▸ **Your goal**:
Copy each entry below unchanged; the images do not go in the copy.

*** Opening of Source information ***

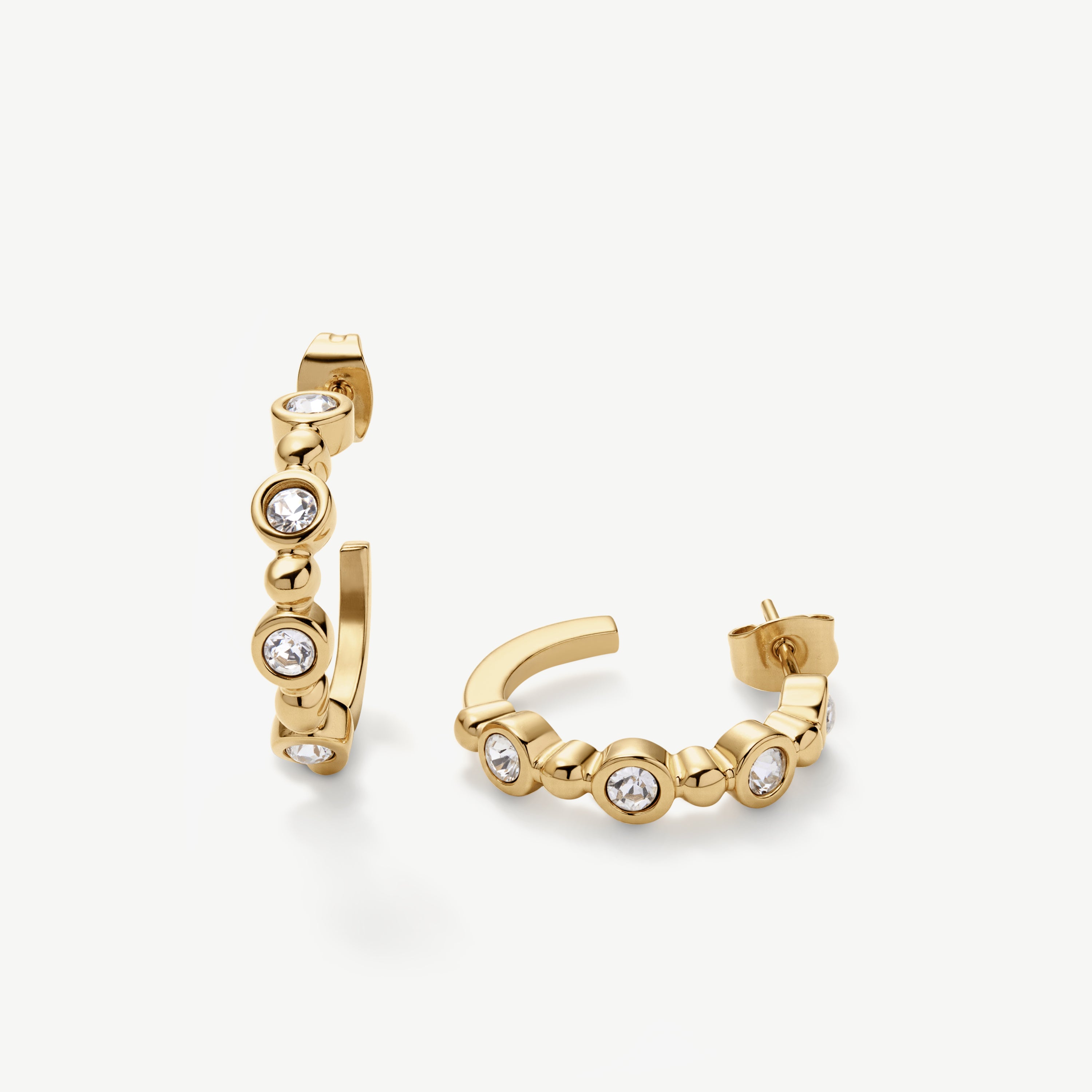 The Beaded Tennis Hoops combine high-shine stones with delicate beaded detailing - adding texture, depth, and just the right amount of drama. Lightweight, eye-catching, and made to move with you.
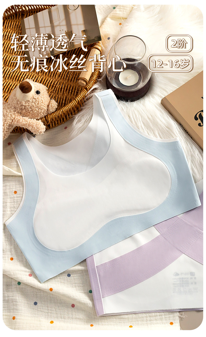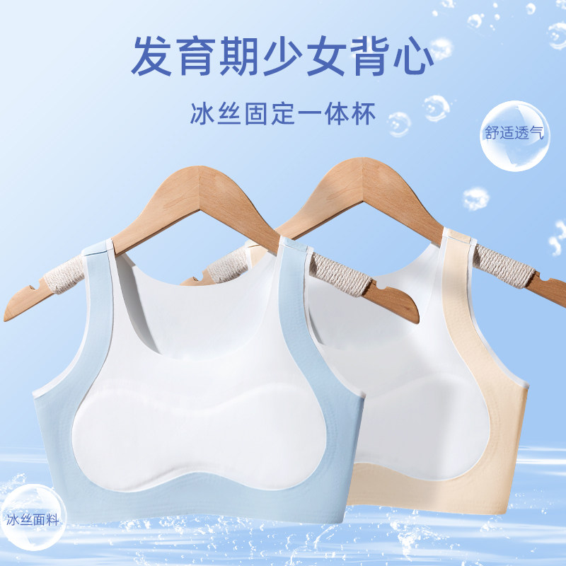 【Little Cool Breeze】Summer Developmental Period Girls' Underwear, Ice Silk Seamless Girls' First Stage Student Sports Vest
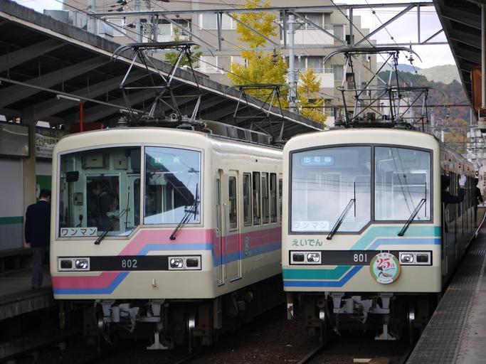 Keywords: Eiden 801 and 802.JPG ja 修学院駅で並ぶ叡山電鉄801と802 en Eizan Electric Railway 801 and 802 stop at Shugakuin station 2014-11-23 12 23 02 own Hahifuheho other versions cc-zero Uploaded with UploadWizard Eizan Electric Railway series Deo 800
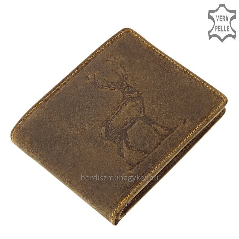 Kitűnő minőségű férfi vadász pénztárca, amely valódi marhabőrből készült. A termék fedelét egy gímszarvas képe díszíti, belsejében további emblémák kerültek benyomásra.
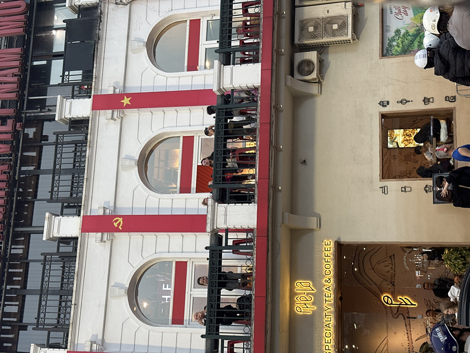 This image depicts a multi-story building in Hà Nội, Vietnam. The building features a white facade with classical architectural elements, including arched windows and balconies. On the second floor, a balcony with a black metal railing extends across the width of the building. Two vertical red banners are affixed to the facade, separating the arched windows; the left banner displays a gold hammer and sickle, and the right banner features a gold five-pointed star. Approximately seven individuals are present on this balcony, standing or leaning on the railing, some observing the street below. Red stools are visible behind them. Above this, the top visible level of the building has dark windows and a sign partially reading "HÀ NỘI VIỆT NAM". The ground floor houses a commercial establishment identified by a prominent neon sign as "Phê La - Specialty Tea & Coffee". Large glass windows reveal the interior, where several customers are seated. To the right of the main entrance, a recessed windowed area also shows customers seated at a table. Two external air conditioning units are mounted on the wall above this section. In the foreground, at street level, several people are visible. Multiple individuals are wearing motorcycle helmets, and one person in a blue shirt with red headphones is partially seen. An individual's hand is positioned on the head of another person wearing a dark top, suggesting an interaction.
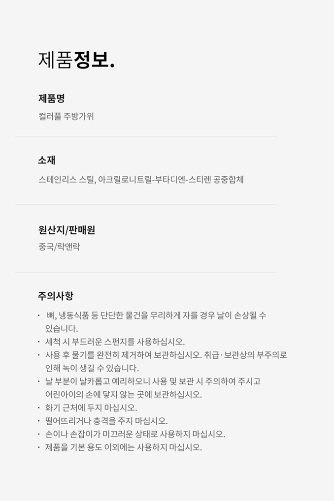Quick view Add to Cart The item has been added WST 락앤락 양손 불고기가위 25cm MSRP: Was: Now: ₩5,300 (Inc. Tax) MSRP: Was: Now: ₩5,300 (Ex. Tax)
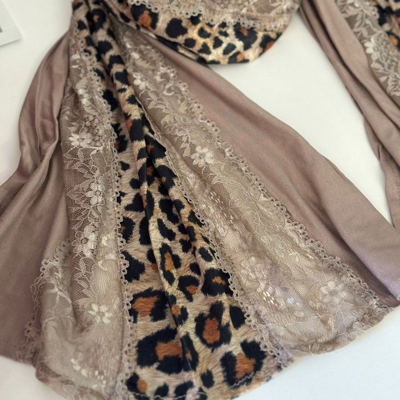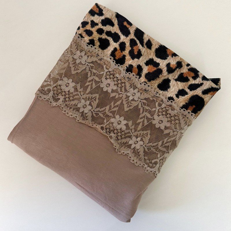 ✅ اللون: نهدي مع دانتيل جانبي ووسط من جلد النمر.
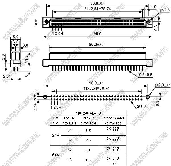 Каталог > Электронные компоненты, радиодетали > Разъёмы (соединители, переходники) > Соединители межплатные DIN 41612 > DIN 41612 розетки прямые > 9001-32 серия > 9001-32641C00A (DIN 41612-64AB-FS)
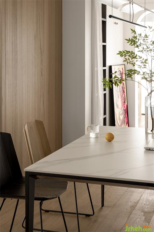 木質(zhì)地板,整體有種在大自然中的感覺,再搭配綠植吊鐘,和簡約吊燈,自然的光線打在餐桌上,杭州世貿(mào)之西湖家裝設(shè)計(jì)整體環(huán)境顯得格外清爽與溫馨。
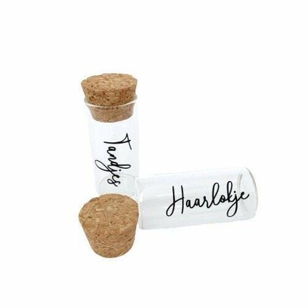 Deze glazen potjes hebben een opdruk met de tekst eerste tandjes & eerste haarlokje. De potjes sluit je doormiddel van een kurk dop en kan je weg bergen om later als herinnering aan je kleintje te geven.
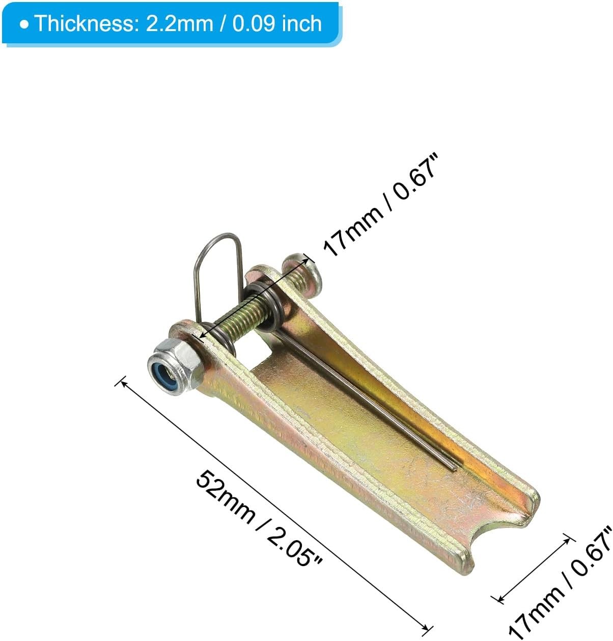 PATIKIL 2 Inch Hook Safety Latch Kit, 4 Pack Metal Towing Hitch Replacement for Clevis Hook Trailer, Golden Tone Product Details Brand: PATIKIL Item Weight: 0.08 Kilograms Vehicle Service Type: Van, RV, Car, Truck Material: Metal Finish Type: Powder Coated Manufacturer: PATIKIL Item Weight: 2.82 ounces Package Dimensions: 3.66 x 2.48 x 0.67 inches Country of Origin: China Item model number: Modern Manufacturer Part Number: pta230720tt000129 Brand: PATIKIL Item Weight: 0.08 Kilograms Vehicle Service Type: Van, RV, Car, Truck Material: Metal Finish Type: Powder Coated Overall Length: 52mm / 2.05 inch; Outer Width: 17 x 17mm / 0.67 x 0.67 inch (Top*Bottom); Package List: 4 x Hook Safety Latch Kit Advantages: Sturdy metal material, fine workmanship, rust-resistant, handy and durable. Spring-loaded designed latch for quick release. Applications: This safety latch is fit for hitches, trailer wiring, cargo management, and more. It is for secure attachment and quick release as needed. Instruction: Easy to use. Replace the latch on clevis hook in daily applications NOTE: Before placing the order, please confirm the size This safety latch is fit for hitches, trailer wiring, cargo management, and more. It is for secure attachment and quick release as needed.SpecificationColor: GoldenMaterial: MetalThickness: 2.2mm / 0.09 inchOverall Length: 52mm / 2.05 inchOuter Width: 17 x 17mm / 0.67 x 0.67 inch (Top*Bottom)Package List: 4 x Hook Safety Latch KitAdvantagesSturdy metal material, fine workmanship, rust-resistant, handy and durable. Spring-loaded designed latch for quick release.InstructionEasy to use. Replace the latch on clevis hook in daily applications.NoticeBefore placing the order, please confirm the size.
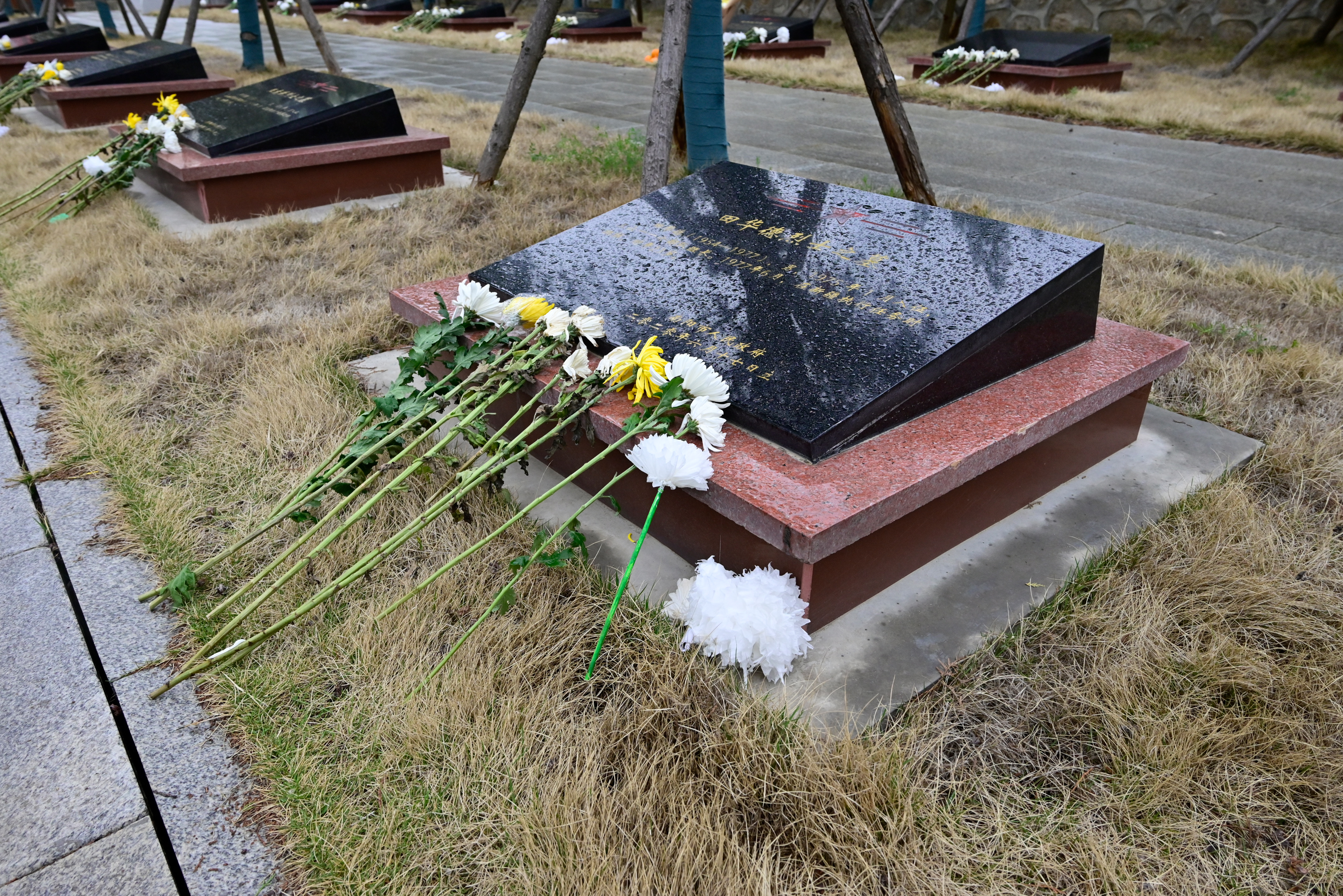 烈士公墓前,全体师生肃立默哀,向长眠于此的革命烈士敬献鲜花。

*** Close of Source information ***

▸ **Task answer**:
 The Beaded Tennis Hoops combine high-shine stones with delicate beaded detailing - adding texture, depth, and just the right amount of drama. Lightweight, eye-catching, and made to move with you.
 【Little Cool Breeze】Summer Developmental Period Girls' Underwear, Ice Silk Seamless Girls' First Stage Student Sports Vest
 Keywords: Eiden 801 and 802.JPG ja 修学院駅で並ぶ叡山電鉄801と802 en Eizan Electric Railway 801 and 802 stop at Shugakuin station 2014-11-23 12 23 02 own Hahifuheho other versions cc-zero Uploaded with UploadWizard Eizan Electric Railway series Deo 800
 Kitűnő minőségű férfi vadász pénztárca, amely valódi marhabőrből készült. A termék fedelét egy gímszarvas képe díszíti, belsejében további emblémák kerültek benyomásra.
 This image depicts a multi-story building in Hà Nội, Vietnam. The building features a white facade with classical architectural elements, including arched windows and balconies. On the second floor, a balcony with a black metal railing extends across the width of the building. Two vertical red banners are affixed to the facade, separating the arched windows; the left banner displays a gold hammer and sickle, and the right banner features a gold five-pointed star. Approximately seven individuals are present on this balcony, standing or leaning on the railing, some observing the street below. Red stools are visible behind them. Above this, the top visible level of the building has dark windows and a sign partially reading "HÀ NỘI VIỆT NAM". The ground floor houses a commercial establishment identified by a prominent neon sign as "Phê La - Specialty Tea & Coffee". Large glass windows reveal the interior, where several customers are seated. To the right of the main entrance, a recessed windowed area also shows customers seated at a table. Two external air conditioning units are mounted on the wall above this section. In the foreground, at street level, several people are visible. Multiple individuals are wearing motorcycle helmets, and one person in a blue shirt with red headphones is partially seen. An individual's hand is positioned on the head of another person wearing a dark top, suggesting an interaction.
Quick view Add to Cart The item has been added WST 락앤락 양손 불고기가위 25cm MSRP: Was: Now: ₩5,300 (Inc. Tax) MSRP: Was: Now: ₩5,300 (Ex. Tax)
 ✅ اللون: نهدي مع دانتيل جانبي ووسط من جلد النمر.
 Каталог > Электронные компоненты, радиодетали > Разъёмы (соединители, переходники) > Соединители межплатные DIN 41612 > DIN 41612 розетки прямые > 9001-32 серия > 9001-32641C00A (DIN 41612-64AB-FS)
 木質(zhì)地板,整體有種在大自然中的感覺,再搭配綠植吊鐘,和簡約吊燈,自然的光線打在餐桌上,杭州世貿(mào)之西湖家裝設(shè)計(jì)整體環(huán)境顯得格外清爽與溫馨。
 Deze glazen potjes hebben een opdruk met de tekst eerste tandjes & eerste haarlokje. De potjes sluit je doormiddel van een kurk dop en kan je weg bergen om later als herinnering aan je kleintje te geven.
 PATIKIL 2 Inch Hook Safety Latch Kit, 4 Pack Metal Towing Hitch Replacement for Clevis Hook Trailer, Golden Tone Product Details Brand: PATIKIL Item Weight: 0.08 Kilograms Vehicle Service Type: Van, RV, Car, Truck Material: Metal Finish Type: Powder Coated Manufacturer: PATIKIL Item Weight: 2.82 ounces Package Dimensions: 3.66 x 2.48 x 0.67 inches Country of Origin: China Item model number: Modern Manufacturer Part Number: pta230720tt000129 Brand: PATIKIL Item Weight: 0.08 Kilograms Vehicle Service Type: Van, RV, Car, Truck Material: Metal Finish Type: Powder Coated Overall Length: 52mm / 2.05 inch; Outer Width: 17 x 17mm / 0.67 x 0.67 inch (Top*Bottom); Package List: 4 x Hook Safety Latch Kit Advantages: Sturdy metal material, fine workmanship, rust-resistant, handy and durable. Spring-loaded designed latch for quick release. Applications: This safety latch is fit for hitches, trailer wiring, cargo management, and more. It is for secure attachment and quick release as needed. Instruction: Easy to use. Replace the latch on clevis hook in daily applications NOTE: Before placing the order, please confirm the size This safety latch is fit for hitches, trailer wiring, cargo management, and more. It is for secure attachment and quick release as needed.SpecificationColor: GoldenMaterial: MetalThickness: 2.2mm / 0.09 inchOverall Length: 52mm / 2.05 inchOuter Width: 17 x 17mm / 0.67 x 0.67 inch (Top*Bottom)Package List: 4 x Hook Safety Latch KitAdvantagesSturdy metal material, fine workmanship, rust-resistant, handy and durable. Spring-loaded designed latch for quick release.InstructionEasy to use. Replace the latch on clevis hook in daily applications.NoticeBefore placing the order, please confirm the size.
 烈士公墓前,全体师生肃立默哀,向长眠于此的革命烈士敬献鲜花。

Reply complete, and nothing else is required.